The Victorian (Green) Smart Renters' Guide is a fantastic resource full of ideas, including how to approach your landlord about making improvements.

Another way to become more energy efficient without having to purchase anything is to borrow a Sustainable Home Audit Kit through the Yarra Plenty Regional Library. These kits contain an infrared thermal imaging camera, power meter, water flow cup, thermometer and instructions on how they can be used. 

For further information or assistance, contact Council’s Sustainability Officer on 9433 3214. 

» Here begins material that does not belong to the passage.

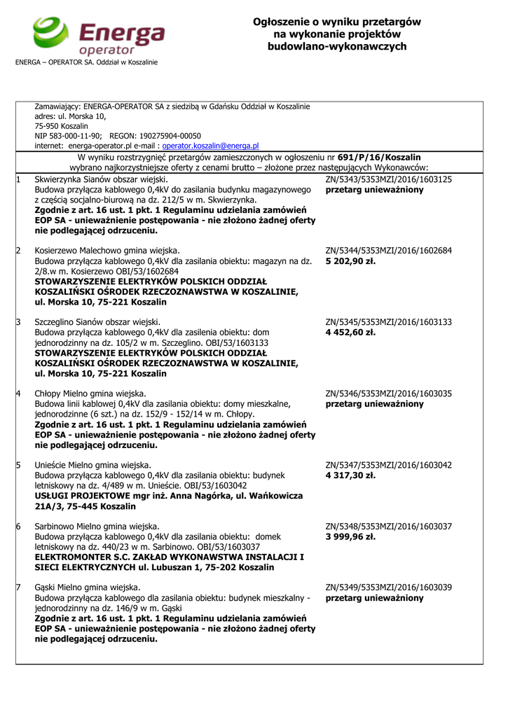 Ogłoszenie o wyniku przetargów na wykonanie projektów budowlano-wykonawczych ENERGA – OPERATOR SA. Oddział w Koszalinie Zamawiający: ENERGA-OPERATOR SA z siedzibą w Gdańsku Oddział w Koszalinie adres: ul. Morska 10, 75-950 Koszalin NIP 583-000-11-90; REGON: 190275904-00050 internet: energa-operator.pl e-mail : [email protected] 1 W wyniku rozstrzygnięć przetargów zamieszczonych w ogłoszeniu nr 691/P/16/Koszalin wybrano najkorzystniejsze oferty z cenami brutto – złożone przez następujących Wykonawców: Skwierzynka Sianów obszar wiejski. ZN/5343/5353MZI/2016/1603125 Budowa przyłącza kablowego 0,4kV do zasilania budynku magazynowego przetarg unieważniony z częścią socjalno-biurową na dz. 212/5 w m. Skwierzynka. Zgodnie z art. 16 ust. 1 pkt. 1 Regulaminu udzielania zamówień EOP SA - unieważnienie postępowania - nie złożono żadnej oferty nie podlegającej odrzuceniu. 2 Kosierzewo Malechowo gmina wiejska. Budowa przyłącza kablowego 0,4kV dla zasilania obiektu: magazyn na dz. 2/8.w m. Kosierzewo OBI/53/1602684 STOWARZYSZENIE ELEKTRYKÓW POLSKICH ODDZIAŁ KOSZALIŃSKI OŚRODEK RZECZOZNAWSTWA W KOSZALINIE, ul. Morska 10, 75-221 Koszalin ZN/5344/5353MZI/2016/1602684 5 202,90 zł. 3 Szczeglino Sianów obszar wiejski. Budowa przyłącza kablowego 0,4kV dla zasilenia obiektu: dom jednorodzinny na dz. 105/2 w m. Szczeglino. OBI/53/1603133 STOWARZYSZENIE ELEKTRYKÓW POLSKICH ODDZIAŁ KOSZALIŃSKI OŚRODEK RZECZOZNAWSTWA W KOSZALINIE, ul. Morska 10, 75-221 Koszalin ZN/5345/5353MZI/2016/1603133 4 452,60 zł. 4 Chłopy Mielno gmina wiejska. Budowa linii kablowej 0,4kV dla zasilania obiektu: domy mieszkalne, jednorodzinne (6 szt.) na dz. 152/9 - 152/14 w m. Chłopy. Zgodnie z art. 16 ust. 1 pkt. 1 Regulaminu udzielania zamówień EOP SA - unieważnienie postępowania - nie złożono żadnej oferty nie podlegającej odrzuceniu. ZN/5346/5353MZI/2016/1603035 przetarg unieważniony 5 Unieście Mielno gmina wiejska. Budowa przyłącza kablowego 0,4kV dla zasilania obiektu: budynek letniskowy na dz. 4/489 w m. Unieście. OBI/53/1603042 USŁUGI PROJEKTOWE mgr inż. Anna Nagórka, ul. Wańkowicza 21A/3, 75-445 Koszalin ZN/5347/5353MZI/2016/1603042 4 317,30 zł. 6 Sarbinowo Mielno gmina wiejska. Budowa przyłącza kablowego 0,4kV dla zasilania obiektu: domek letniskowy na dz. 440/23 w m. Sarbinowo. OBI/53/1603037 ELEKTROMONTER S.C. ZAKŁAD WYKONAWSTWA INSTALACJI I SIECI ELEKTRYCZNYCH ul. Lubuszan 1, 75-202 Koszalin ZN/5348/5353MZI/2016/1603037 3 999,96 zł. 7 Gąski Mielno gmina wiejska. Budowa przyłącza kablowego dla zasilania obiektu: budynek mieszkalny jednorodzinny na dz. 146/9 w m. Gąski Zgodnie z art. 16 ust. 1 pkt. 1 Regulaminu udzielania zamówień EOP SA - unieważnienie postępowania - nie złożono żadnej oferty nie podlegającej odrzuceniu. ZN/5349/5353MZI/2016/1603039 przetarg unieważniony Ogłoszenie o wyniku przetargów na wykonanie projektów budowlano-wykonawczych ENERGA – OPERATOR SA. Oddział w Koszalinie 8 Sarbinowo Mielno gmina wiejska. Budowa przyłącza kablowego dla zasilania obiektu: dom jednorodzinny na dz. 123/9 w m. Sarbinowo. Zgodnie z art. 16 ust. 1 pkt. 1 Regulaminu udzielania zamówień EOP SA - unieważnienie postępowania - nie złożono żadnej oferty nie podlegającej odrzuceniu. ZN/5350/5353MZI/2016/1603041 przetarg unieważniony 9 Sarbinowo Mielno gmina wiejska nr dział.: 440/10 Budowa przyłącza kablowego dla zasilania obiektu: budynek mieszkalny, jednorodzinny na dz. 440/10 w m. Sarbinowo. OBI/53/1603043 ELEKTROMONTER S.C. ZAKŁAD WYKONAWSTWA INSTALACJI I SIECI ELEKTRYCZNYCH, ul. Lubuszan 1, 75-202 Koszalin ZN/5351/5353MZI/2016/1603043 4 499,34 zł. 10 Chłopy Mielno gmina wiejska. Budowa przyłącza kablowego dla zasilania obiektu: budynek usługowy na dz. 187/9 w m. Chłopy. Zgodnie z art. 16 ust. 1 pkt. 1 Regulaminu udzielania zamówień EOP SA - unieważnienie postępowania - nie złożono żadnej oferty nie podlegającej odrzuceniu. ZN/5352/5353MZI/2016/1603044 przetarg unieważniony Sporządziła: Ewelina Przewoźna Koszalin, dnia 21-12-2016

You can also receive free personalised advice from Council's Sustainability Officers through the Energy and Sustainable Living Advisory Service.

For landlords

Including sustainable features in your rental property can give you an advantage over other property owners, while providing a well maintained, efficient, comfortable and healthy house will retain tenants for longer, reducing the number of vacant days and advertising costs.

It may also be possible to achieve higher rent levels when renters know that their ongoing running costs will be low.

If the time comes to sell your property, marketing its sustainable features may well net you a premium.

From a cost perspective, you can claim the depreciation on upgrades to numerous items, such as efficient hot water systems, heating and cooling systems, curtains, external shading and water efficient taps and shower heads. For ideas on appliance upgrades download Council's Electric Home Planner.

Rebates are also available for some items, including in instances where an existing unit has failed, through the Victorian Energy Upgrades for Households scheme

Working with your tenant will help achieve the best possible outcome, and your tenants will often know exactly where the issues lie.

Concession card households

Incentives and rebates 

In addition to rebates that are available to all eligible households, there are several Victorian Government rebates available specifically to concession card holders. 

Electricity account holders who have one of the following eligible cards can apply for an annual electricity concession:

  • Pensioner Concession Card
  • Health Care Card
  • Veterans’ Affairs Gold Card.

For help with concessions, contact the Concessions Information Line on 1800 658 521 or .

Free energy saving products and advice for concession card holders 

Council also offers a limited selection of free products to assist low-income earners to become more energy efficient. These are available until supplies are exhausted and include: 

  • Standby power controller (to save on standby power) 
  • Twin timer pack (timer device for appliances) 
  • Electricity monitor (to measure whole house energy use over time) 
  • Power meter (to measure energy use by appliance) 
  • Weather seals, draught excluders (for draught proofing) 

For more information contact Council’s Sustainability Team on 9433 3214.

You can also receive free personalised advice from Council's Sustainability Officers through the Energy and Sustainable Living Advisory Service.

Another way to become more energy efficient without having to purchase anything is to borrow a Sustainable Home Audit Kit through the Yarra Plenty Regional Library. These kits contain an infrared thermal imaging camera, power meter, water flow cup, thermometer and instructions on how they can be used. 

Financing options 

We know that the up-front cost of some items presents a major barrier for many households wanting to improve their energy and water efficiency. To assist households with low income levels here are alternative forms of finance available. 

Contact your bank to enquire about a green loan program. 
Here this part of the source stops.